La nueva etapa empezó a cocinarse al acabar la Pedestre de Santiago del año pasado. Casi acaba conmigo. Aunque realmente era mi estado lo que casi termina conmigo.
Lo primero que aprendí fue que estaba corriendo demasiado lento. Lo medimos en la cinta y corría a una frecuencia entre 145 y 150 pasos por minuto. Reconozco que ha sido casi una obsesión, porque este año incorporé a mis salidas unos auriculares conectados al móvil que iba ejecutando una aplicación que simula un metrónomo, y me ha permitido ir aumentando la cadencia hasta los 180 ppm a los que corro ahora, sin necesidad de la ralladura de cabeza que puede parecer correr escuchando tres bips por segundo durante aproximadamente una hora. Aunque esto tambien me ha hecho que vaya algo más rápido.

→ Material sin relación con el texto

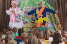 В конце дети подарили громкие аплодисменты актёрам, а актёры поблагодарили ребят за внимание и участие!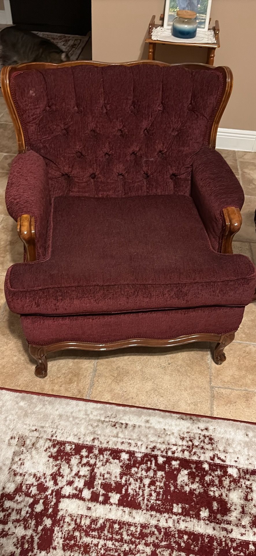 Vintage Tufted Merlot Velvet Matching Couch & Chair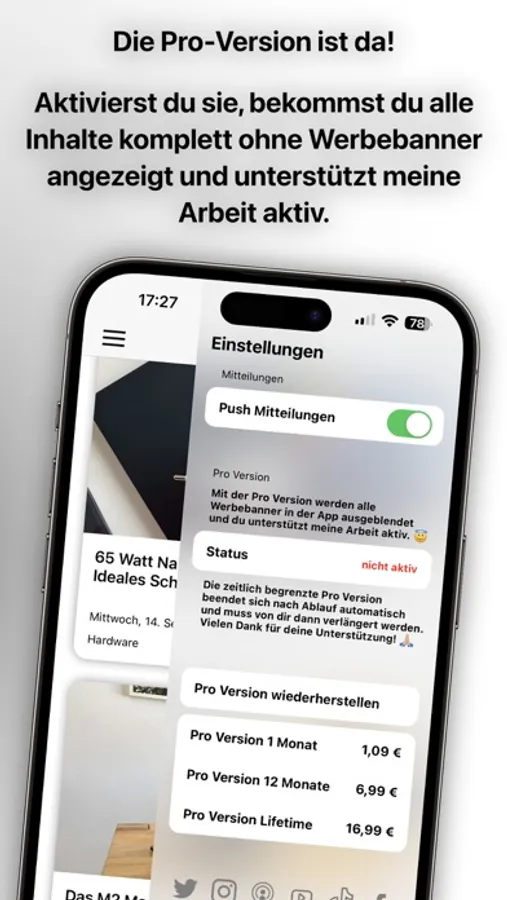- Unterstütze die Arbeit über die Pro-Version und die Kaffeekasse
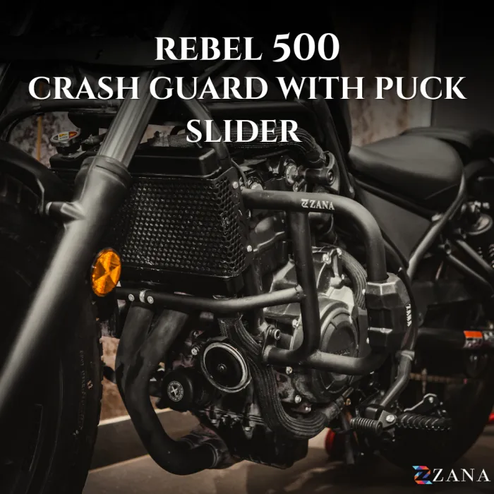 Protect your Honda Rebel 500 with the Crash Guard with Slider Puck (MS Black) – a heavy-duty, performance-focused accessory designed to safeguard vital components during both urban rides and long-distance touring.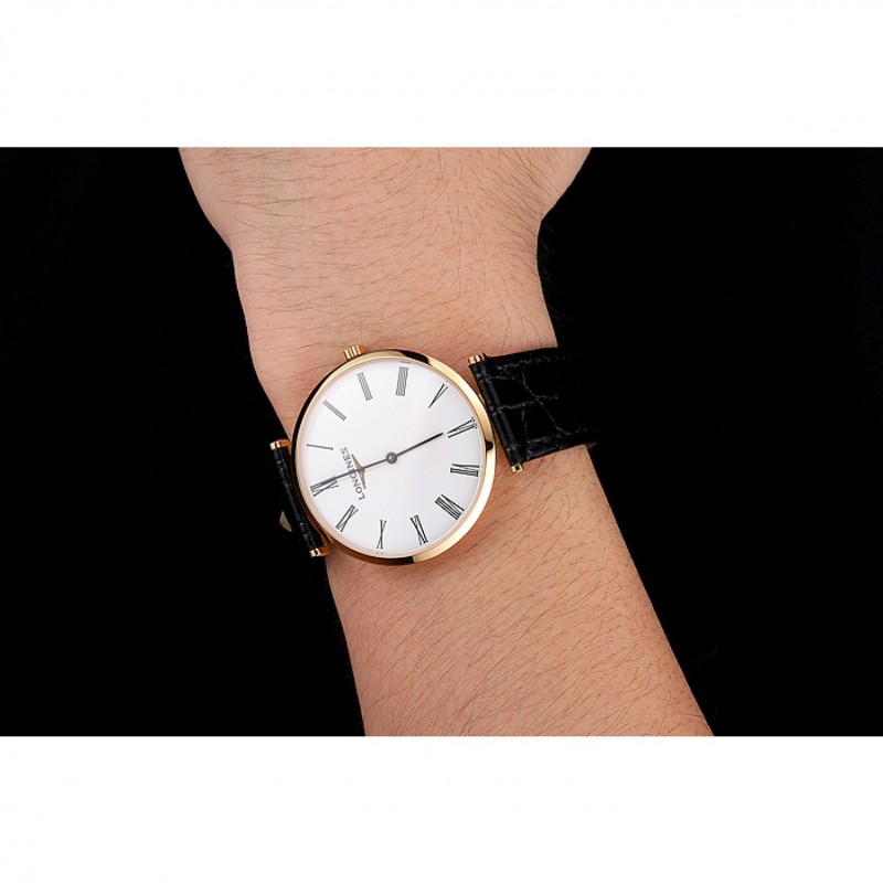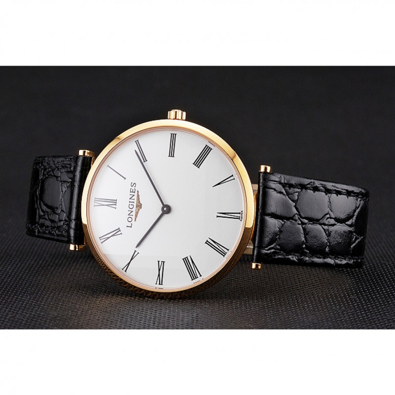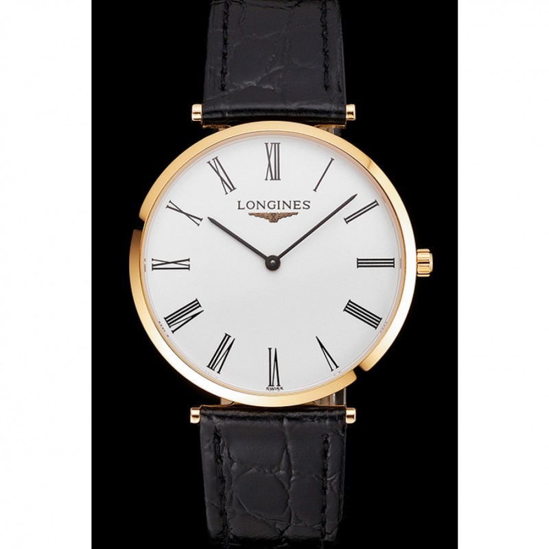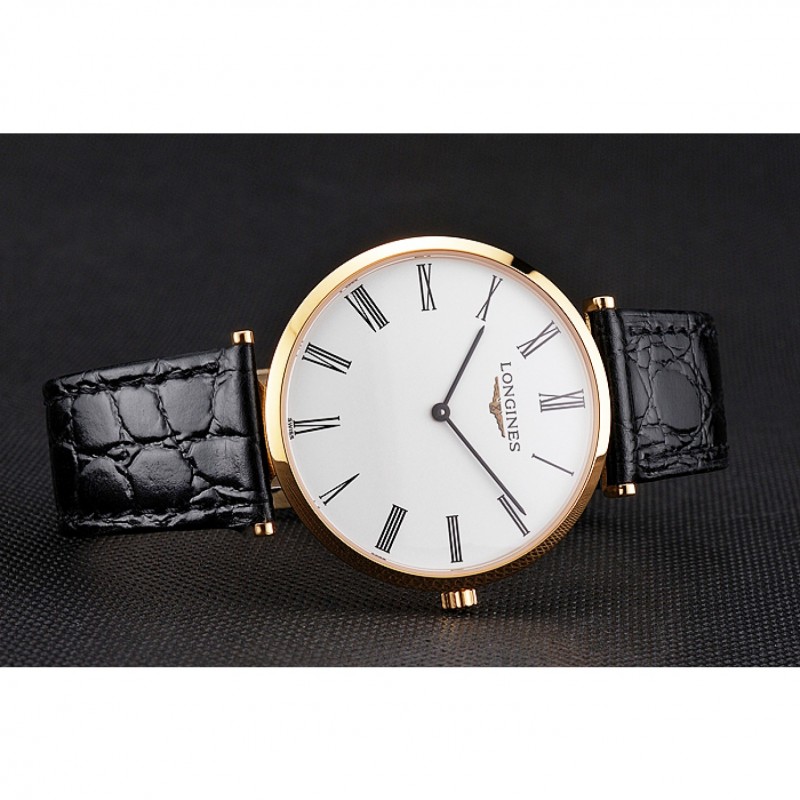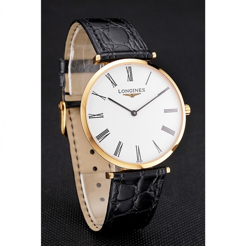 Bracelet:bracelet en cuir de crocodile noir avec logo Longines sculpté or jaune 18 carats plaqué fermoir crochet boucle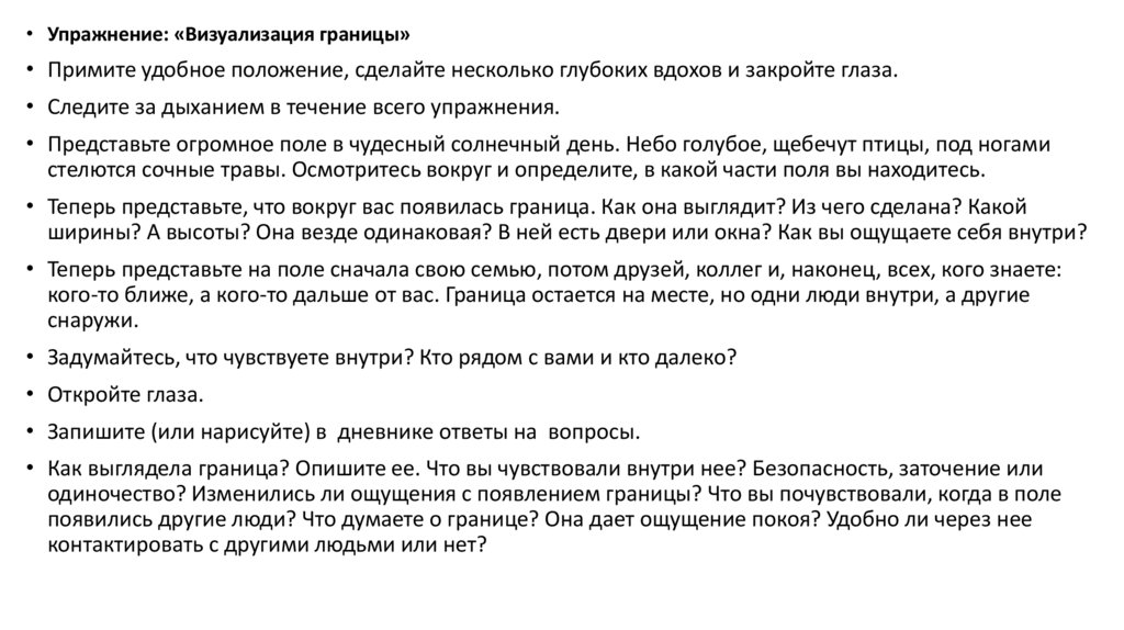 • Упражнение: «Визуализация границы»• Примите удобное положение, сделайте несколько глубоких вдохов и закройте глаза.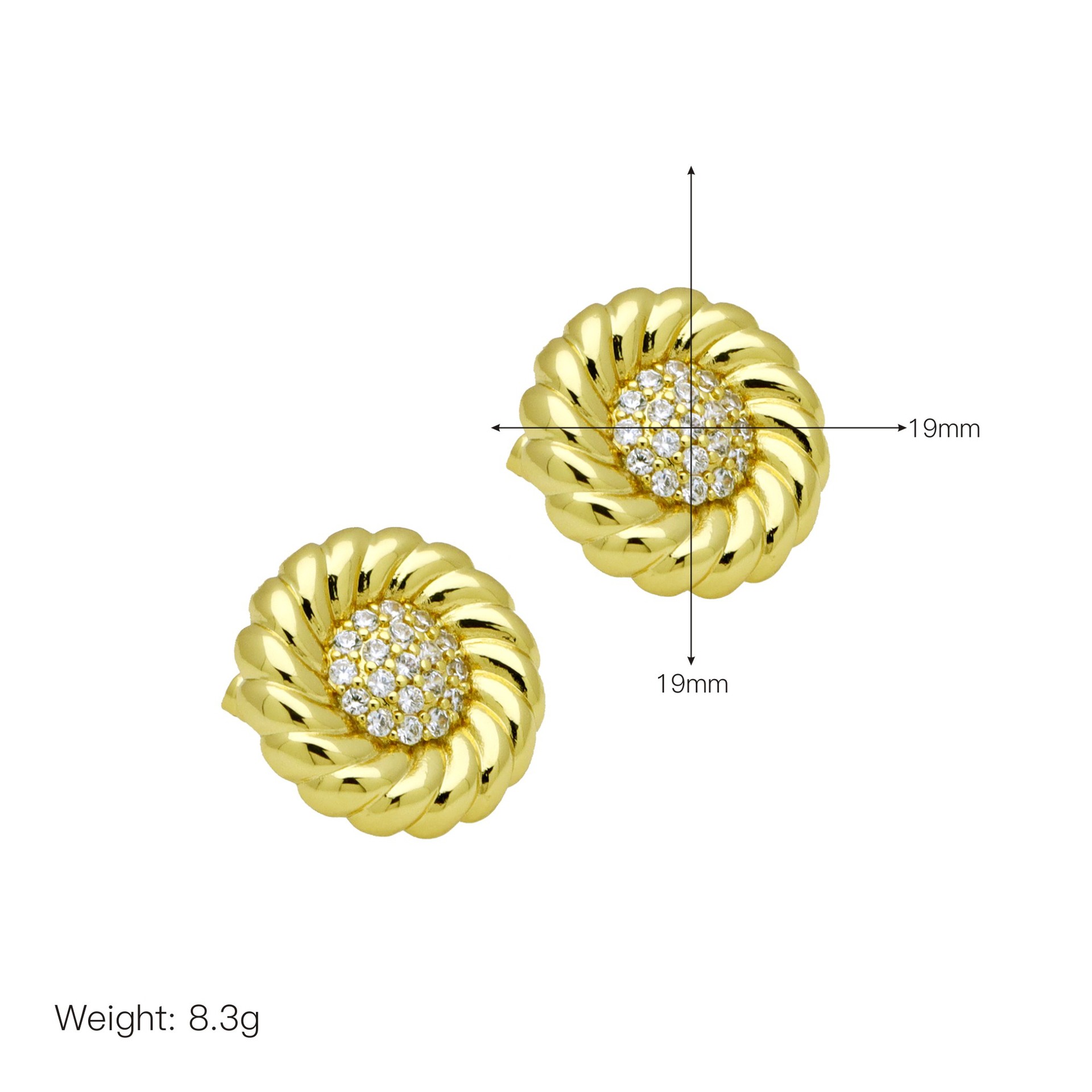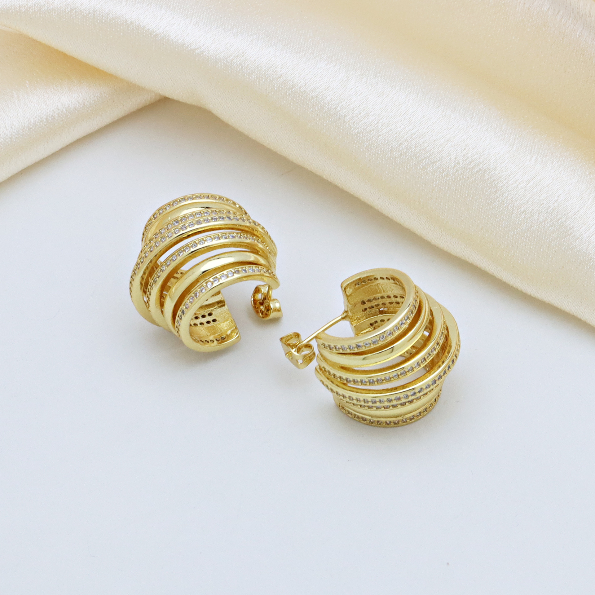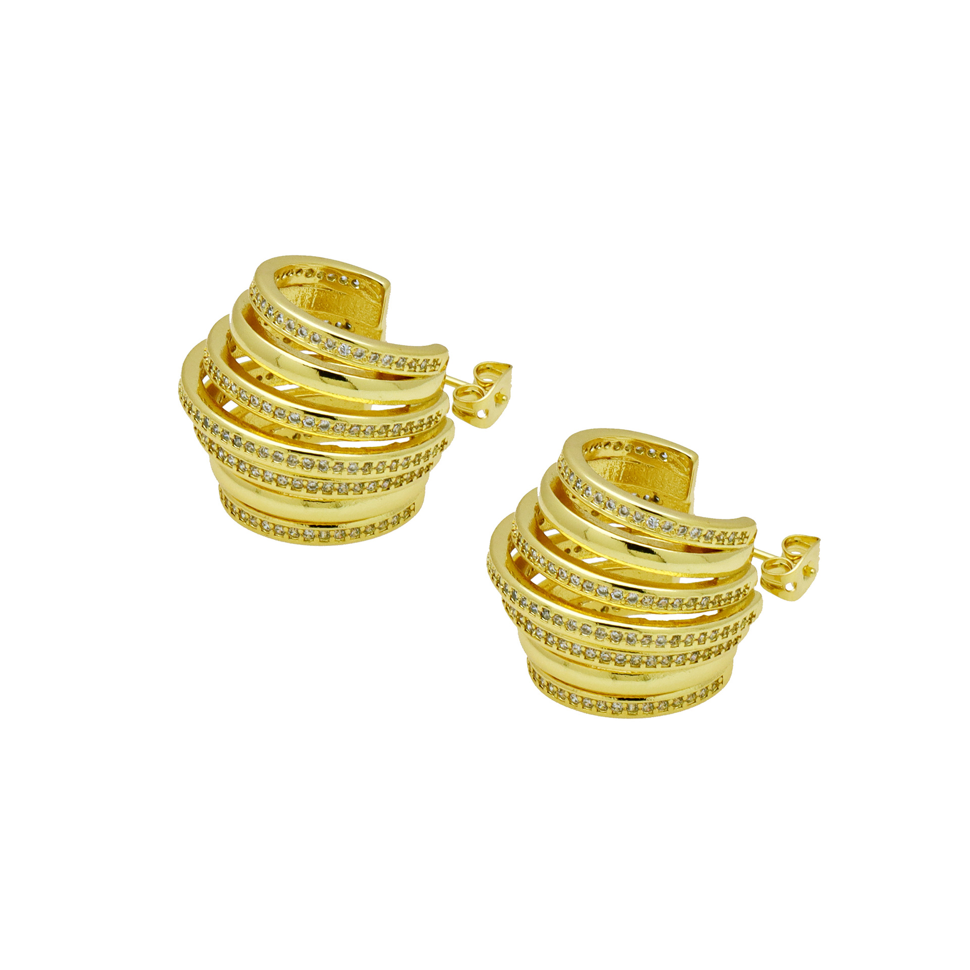 Messing Huggie Ohrreifen, mit kubischer Zirkonia, Druckguss-, für Frau, keine, frei von Nickel, Blei & Kadmium, 20.60x10.76x18.60mm, 10PaarePärchen/Tasche, verkauft von Tasche
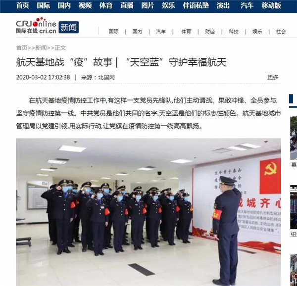 3月2日,航天基地《“天空藍(lán)”守護(hù)幸福航天》,講述了擁有18年黨齡的張強、退役士官魏斌、工作人緣好李鵬飛用行動展現(xiàn)共產(chǎn)黨人政治本色的積極實踐。國際在線、中國日報網(wǎng)、環(huán)球網(wǎng)、鳳凰網(wǎng)、西部網(wǎng)、三秦網(wǎng)、搜狐等近20家中央、省級、市級網(wǎng)絡(luò)媒體轉(zhuǎn)發(fā),網(wǎng)友產(chǎn)生強烈共鳴。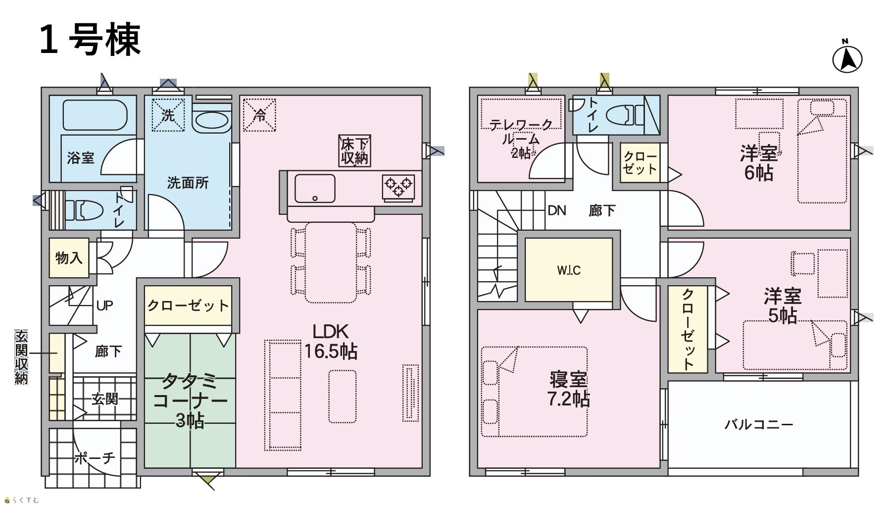 3LDK (洋室:7.2、6.0、5.0) LDK19.5 1階LDKに3帖のタタミコーナー、2階に2帖のテレワークルーム有 |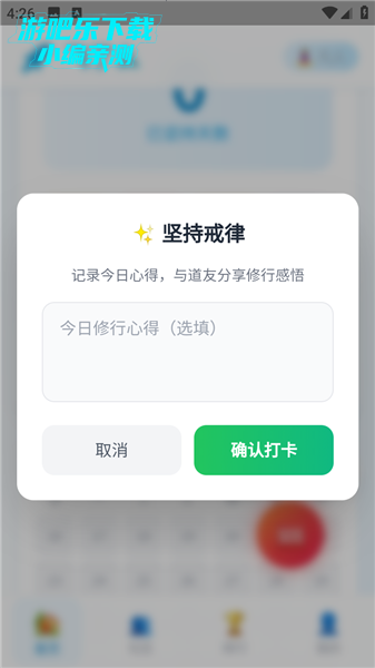 4.点击坚持戒律,输入今日修心的心得,点击确认打卡

En esta nueva etapa que decidí estrenar oficialmente hace un par de domingos, me he propuesto tomarmelo un poco más en serio que antes. La regularidad es algo fundamental, y en esta ocasión, además, le echaré un poco de entrenamiento especifico.
Y acabo esta entrada con una de mis frases favoritas, que siempre había atribuido a Sir Oliver Cromwell, y que parece que no está tan claro quien la dijo. Dicen que dijo "Nunca se va tan lejos, como cuando no se sabe a dónde se va". Y yo ahora mismo, no se a donde voy.